OMSSA was previously modified to accommodate NETD spectra of anionic peptides, allowing for α- and x-type productions.10 Prior to the OMSSA search, a ±3 Da window around the unreacted precursor and the window 55 Da below and 5 Da above the charge-reduced precursor peaks were cleaned from the spectra. This was done because inclusion of unreacted precursor peaks, charge-reduced precursor peaks, and neutral loss peaks from the charge-reduced precursor ions are known to drastically hurt scoring in OMSSA and other search algorithms.32,33 A multi-isotope search using three isotopes with a mass tolerance of ±40 ppm was used for precursors, and a monoisotopic mass tolerance of ±0.01 Da was used for product ions (α- and x-type). Data processing was performed using COMPASS software designed for OMSSA outputs.34 Byonic was modified for NETD and AI-NETD spectra as described below. No spectral cleaning was performed prior to analysis with the Byonic pipeline. A precursor mass tolerance was set to ±10 ppm with a Precursor off by x setting of “too high (narrow)” and a product ion tolerance of ±20 ppm, and peptide spectral score cuts were set to automatic. For both OMSSA and Byonic, oxidation of methionine and pyro-glu from N-terminal glutamine and glutamate were specified as variable modifications, while carbamidomethylation of cysteine was a set as a fixed modification. For all enzymes, three missed cleavages were allowed with the following specificity: trypsin (RK|), lysC (K|), GluC (DE|), chymotrypsin (FWYL|), and AspN (|D).
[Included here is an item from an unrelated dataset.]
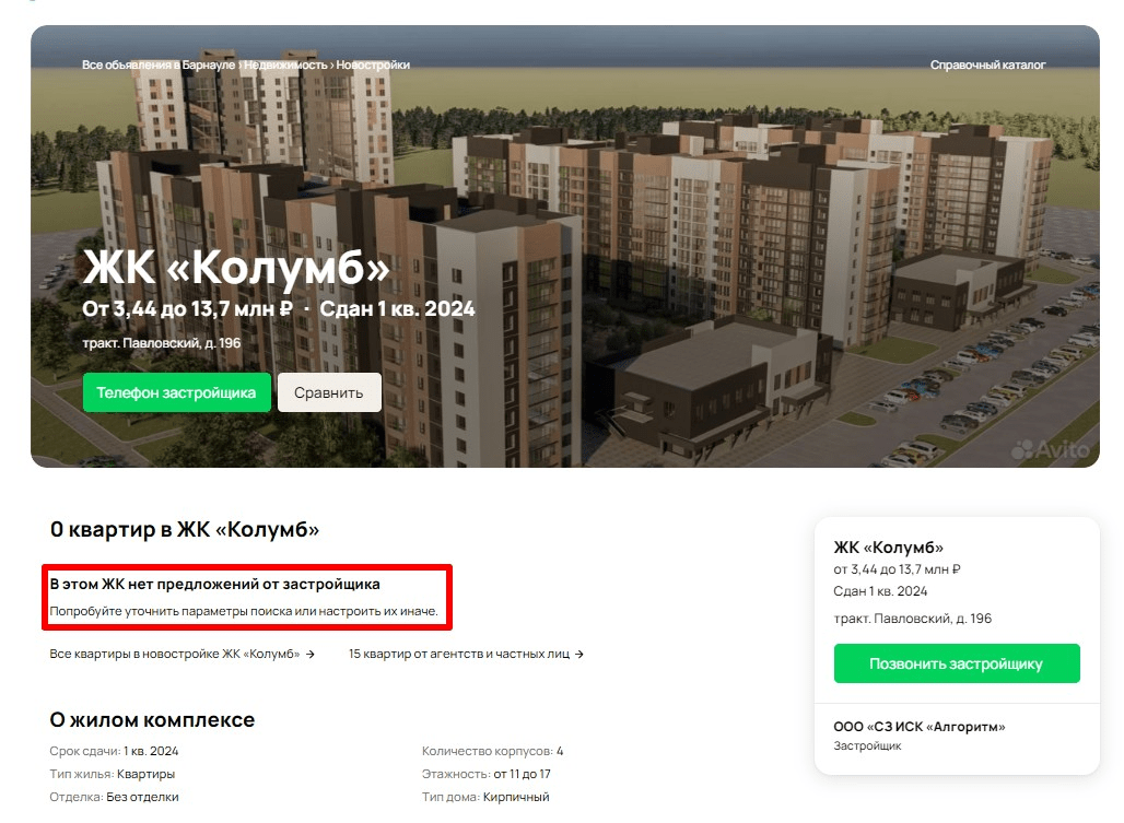 Либо же застройщик не продвигается на Авито совсем, а все сливки забирают риэлторы:
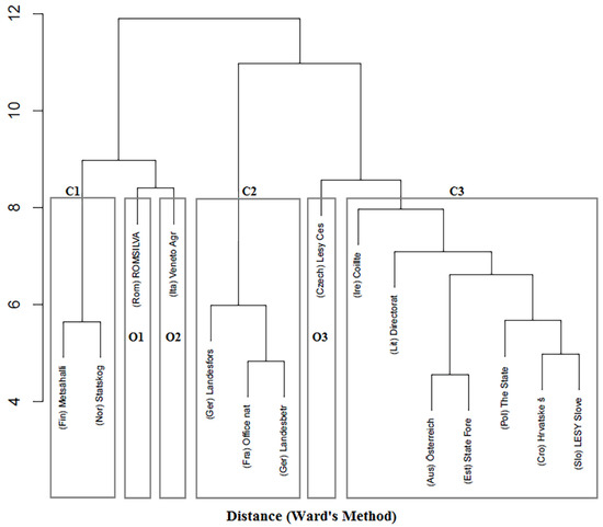 Profit-oriented SFMOs—Cluster 3 (LESY Slovenskej republiky (Slovakia); Croatian Forests (Hrvatske šume) Ltd. (Croatia); The State Forests National Forest Holding (Poland); State Forest Management Centre (RMK) (Estonia); Austrian Federal Forests (ÖBF) (Austria); Directorate General of State Forests (DGST) (Lithuania); Coillte (Ireland). LESY Slovenskej republiky (Slovakia) and Hrvatske šume Ltd. (Croatia)). These SFMOs have adopted a commercial model of forest management, and therefore, the economic pillar of SFM prevails. It is interesting to note that this model is used in both forest rich (e.g., Austria and Poland) and low forested countries (e.g., Ireland). Thus, it seems that the predominance of economic goals is not necessarily connected with the importance of the forests in the national economy, as one might have expected. It is interesting to note that Irish Coillte is the commercialized state organization that manages to retain a dominant share of the market, where private forest owners do not feature significantly in the timber economy [17]. However, Coillte has the biggest institutional challenge over the next 10 years as private owners begin to compete as their forests reach maturity and they become competitors in the Irish market [17]. Together with Coillte, other SFMOs apart from Austrian ÖBF manage a significant part of the forest area in their countries. It is therefore important to remember that when commercialized state organizations operate in economies where the share of private forest ownership is low or is expected to increase over time, they can pose a threat to private producers because of their dominant position in the market, which they are unlikely to yield [17]. The C3 also contains SFMOs with different organizational structures, such as joint stock companies owned by the State in Ireland and Austria and a state enterprise as a government department in Poland [9]. The State Forests (Poland) is a hierarchical organization with policy-making and forest management being integrated within one entity. Brukas (2010) characterized this SFMO with a command style administration, while ÖBF and Coillte have functions of profit-oriented managers. The cluster analysis results for SFMOs do not seem to be very similar with groups that we can distinguish with the help of PCA for countries. C3 is relatively large and consists of SFMOs from countries with very different profiles. The differences are in geographical location, natural conditions, economic, and social development. We can therefore assume that the direction and management goals of SFMOs do not depend solely on the country characteristics or geographical region, but on their own priorities.

For human data for both search algorithms, PSMs were made against the UniProt human database (canonical plus isoforms) downloaded on November 6, 2015, which was concatenated with a reversed sequence version of the forward database. Yeast data were searched similarly with both OMSSA and Byonic using the UniProt yeast database downloaded on September 29, 2014. For OMSSA, unique peptides were filtered to a 1% FDR using both e-value and precursor mass accuracy, and proteins were also filtered to 1% FDR. For Byonic, protein-oblivious FDR estimation reports 1% FDR at the unique peptide level, while protein-aware reports FDR on the PSMs from proteins ranked above the top decoy protein, using the 2D target decoy approach available in Byonic.27 When pooling spectra from multiple nLC−MS/MS analyses, FDR was calculated for the aggregate set of data rather than calculating a separate false discovery rate for each run prior to combining results.

RESULTS AND DISCUSSION

With the ultimate goal to improve large-scale negative-mode proteome analysis by the development of postacquisition informatics tools, we modified the Byonic algorithm to analyze NETD and AI-NETD spectra. To guide this modification process we utilized a data set comprising 11 433 AI-NETD MS/MS spectra from the analysis of yeast tryptic peptides, although no formal training of predicted peak weights for scoring NETD spectra was performed. From these experiments we made several spectral processing decisions. First, we employed a simple scorer for singly charged α- and x-type product ions. Following successful spectral annotation, we expanded the scorer to include multiply charged fragments and isotope peaks from the higher-mass fragments. When analyzing high-resolution MS/MS spectra, we allowed the algorithm to score each production’s isotope series. For low-resolution MS/ MS data, we considered only the monoisotopic m/z peak for product ions up to 1200 Da, switching to an approximation of the average isotopic mass for larger ones.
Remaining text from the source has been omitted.